Armed with the values that UNHS had planted and Ateneo further cultivated and developed, this small
boy grew into man. A man with and for others. And so after graduating, I decided to become part of the
Jesuit Volunteers Philippines. This gave me the opportunity to be assigned as a volunteer teacher and
guidance counselor for the Divine Child Academy in Samar.

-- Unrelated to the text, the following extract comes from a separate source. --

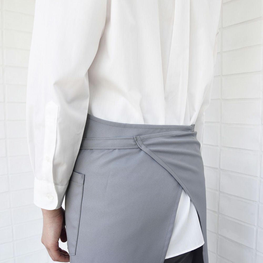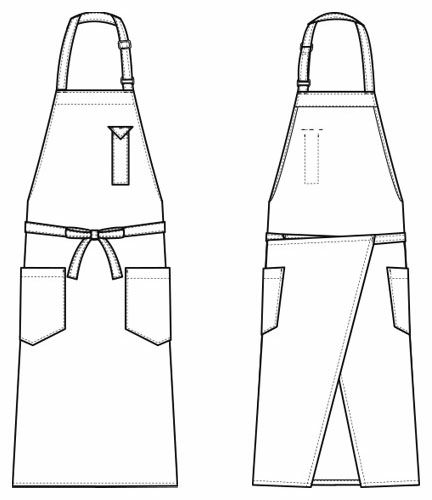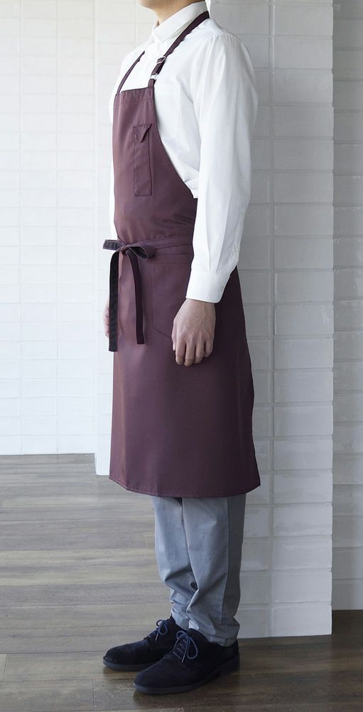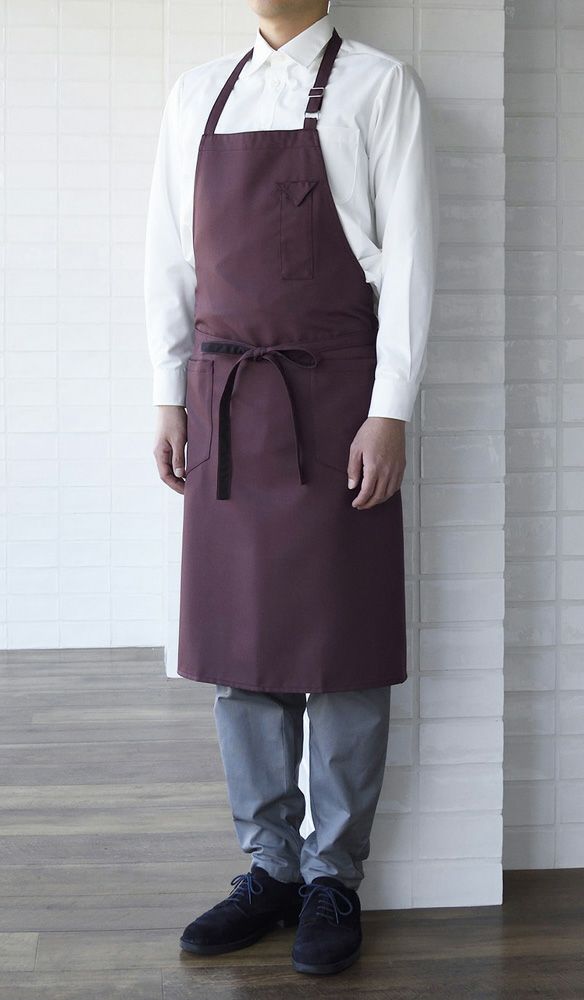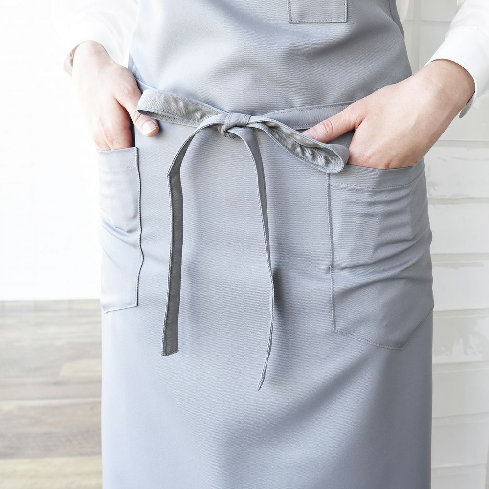 男女ともに着用しやすくスタイリッシュなミドル丈タイプの首掛け胸当てエプロンです。

But it was during that speech one fine evening in March 2008, while looking at the faces of my batch
mates, teachers and the parents present, it was at that time that the seed of the desire to serve was
sown.

And so, on that date, November 8, 2013, while the full fury of Yolanda was being unleashed, I, a proud
product of UNHS was there in the middle of the action as a witness to a disaster. I was also there as a
participant in the successful effort towards relief and recovery. November 2013 was indeed the worst
and the best part of my life.

A Call.

I do not wish to write this piece to aggrandize myself or to trumpet my achievements. I wish to share
this very significant experience as a call. This is a call for the new generation of students of Union
National High School to think about giving service to the community. You do not need to go far from
home to be of help. You do not need to join the JVP or other volunteer groups. Each day there is an
opportunity to give compassion; the secret is in seeing each and every person you encounter as brothers
and sisters. You are all fortunate that 10 years on, you have the benefits of all the modern technology
and convenience. Is it not better a good thing to share these conveniences to others? Think about it.